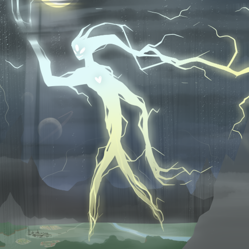 Fast forward about a few hundred years for him, he is now about a adults height in physical form. He has found out more about his kind from meeting with others of his kind. Finally understanding what he is has helped him figure out his place in the world. He has heard some folklore about beings if lighting being formed from the spots the lighting dragon has struck. He has scoured the land day and night looking for said dragon of lore. His main goal right now is to find the spot of his origin.
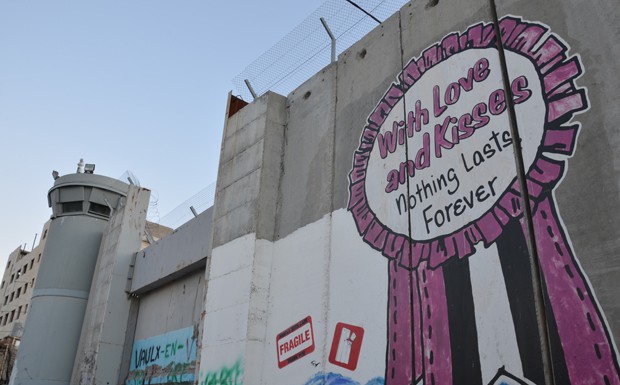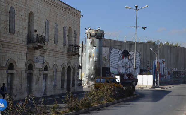 von 80: Die Konflikte der Gegenwart werden wiederum in Bethlehem, palästinensischem Autonomiegebiet, sichtbar: Hier ist zum ersten Mal ein Teil der israelischen Sperranlage, die sich als meterhohe Mauer darstellt, zu sehen
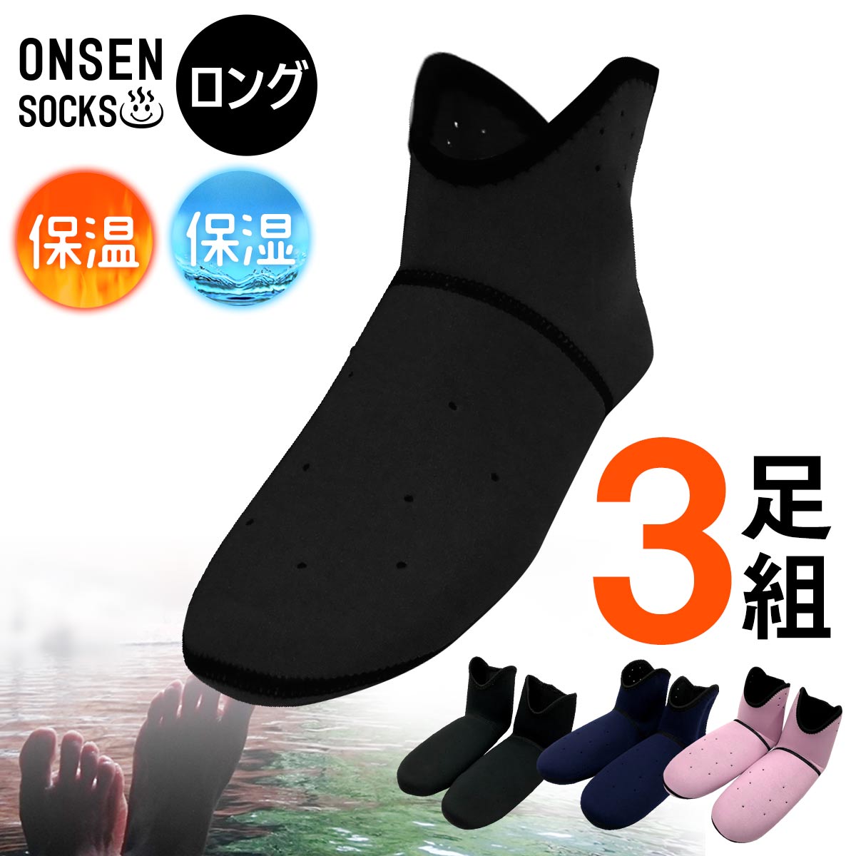 ロング3足組 あったかグッズ 暖かい 靴下 発熱 冷え取りくつした 保温 冷え 防寒対策『温泉ソックス』リバーシブル ルームシューズ メンズ レディース かかとケア 保湿
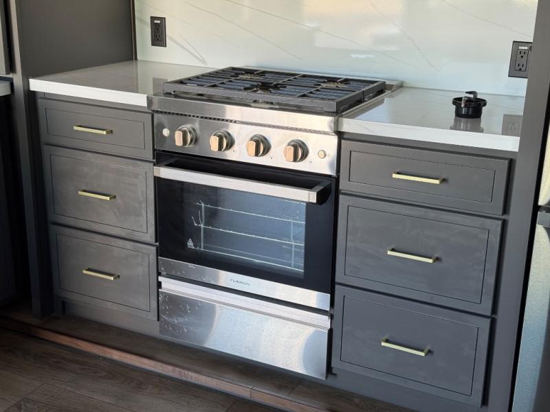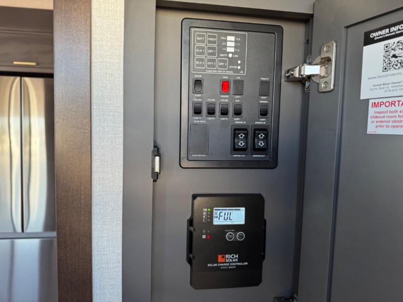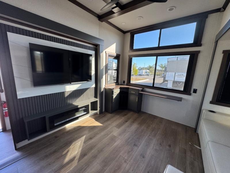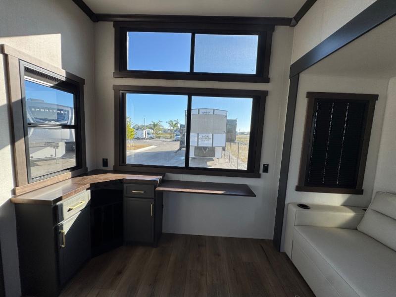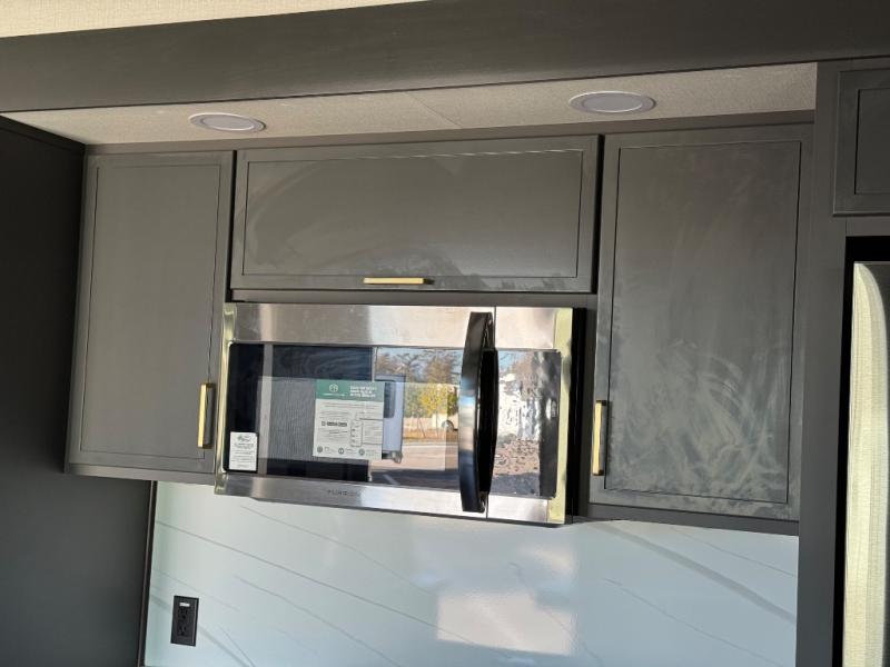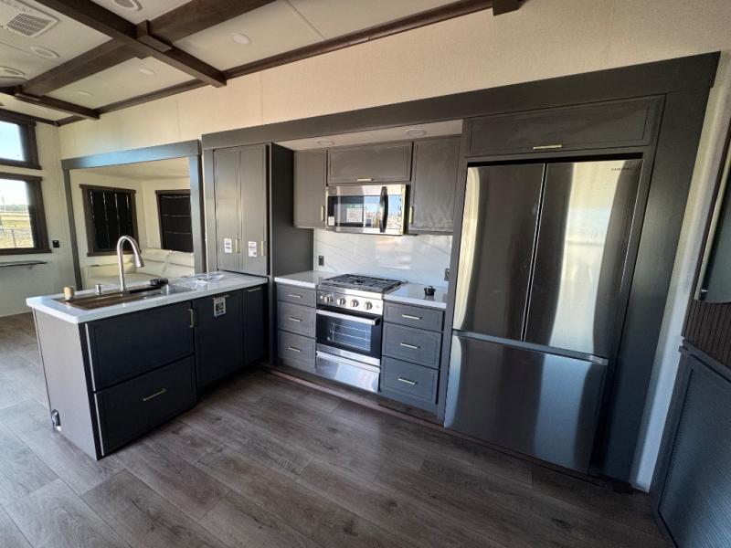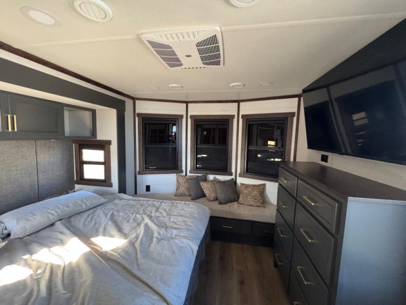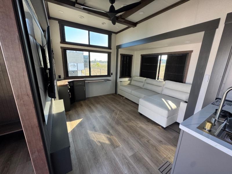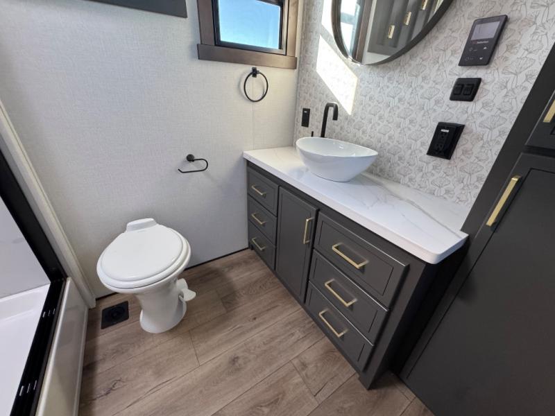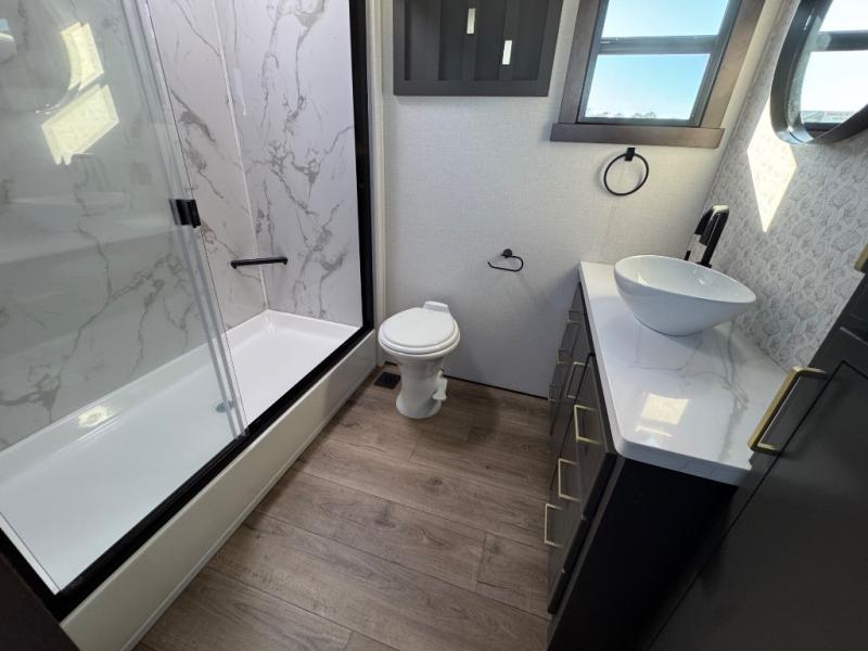 Hop on new adventures with the Forest River Cedar Creek Cottage Fifth Wheels! Each destination fifth wheel features a 101" wide body frame that provides a sturdy foundation for your adventures, while the AlphaPly TPO roof membrane offers superior durability and weather resistance. Plus, the 3M Bonded Sidewalls add an extra layer of protection and strength, and the hydraulic front jacks make setting up camp a breeze. In the luxurious interiors, the vinyl floor covering is easy to clean, and the Vixeinite flush floor slides in the kitchen and living area provide a seamless transition between the floor and the slide-outs. In addition, the 52" ceiling fan in the living room circulates air and adds to the spacious feel, and the kitchen island is a standout feature, boasting a solid surface counter, a flush-mount sink, and a stainless-steel design. You'll feel like you're cooking at home! Finally, the USB ports in the bathroom ensure you can keep your devices charged and within reach, even in the most convenient places.

◇ ◇ ◇

* _Task brief_:
Without including any picture, output all the material exactly as it appears.

* _Solution_:
 Fast forward about a few hundred years for him, he is now about a adults height in physical form. He has found out more about his kind from meeting with others of his kind. Finally understanding what he is has helped him figure out his place in the world. He has heard some folklore about beings if lighting being formed from the spots the lighting dragon has struck. He has scoured the land day and night looking for said dragon of lore. His main goal right now is to find the spot of his origin.
 von 80: Die Konflikte der Gegenwart werden wiederum in Bethlehem, palästinensischem Autonomiegebiet, sichtbar: Hier ist zum ersten Mal ein Teil der israelischen Sperranlage, die sich als meterhohe Mauer darstellt, zu sehen
 ロング3足組 あったかグッズ 暖かい 靴下 発熱 冷え取りくつした 保温 冷え 防寒対策『温泉ソックス』リバーシブル ルームシューズ メンズ レディース かかとケア 保湿
 Hop on new adventures with the Forest River Cedar Creek Cottage Fifth Wheels! Each destination fifth wheel features a 101" wide body frame that provides a sturdy foundation for your adventures, while the AlphaPly TPO roof membrane offers superior durability and weather resistance. Plus, the 3M Bonded Sidewalls add an extra layer of protection and strength, and the hydraulic front jacks make setting up camp a breeze. In the luxurious interiors, the vinyl floor covering is easy to clean, and the Vixeinite flush floor slides in the kitchen and living area provide a seamless transition between the floor and the slide-outs. In addition, the 52" ceiling fan in the living room circulates air and adds to the spacious feel, and the kitchen island is a standout feature, boasting a solid surface counter, a flush-mount sink, and a stainless-steel design. You'll feel like you're cooking at home! Finally, the USB ports in the bathroom ensure you can keep your devices charged and within reach, even in the most convenient places.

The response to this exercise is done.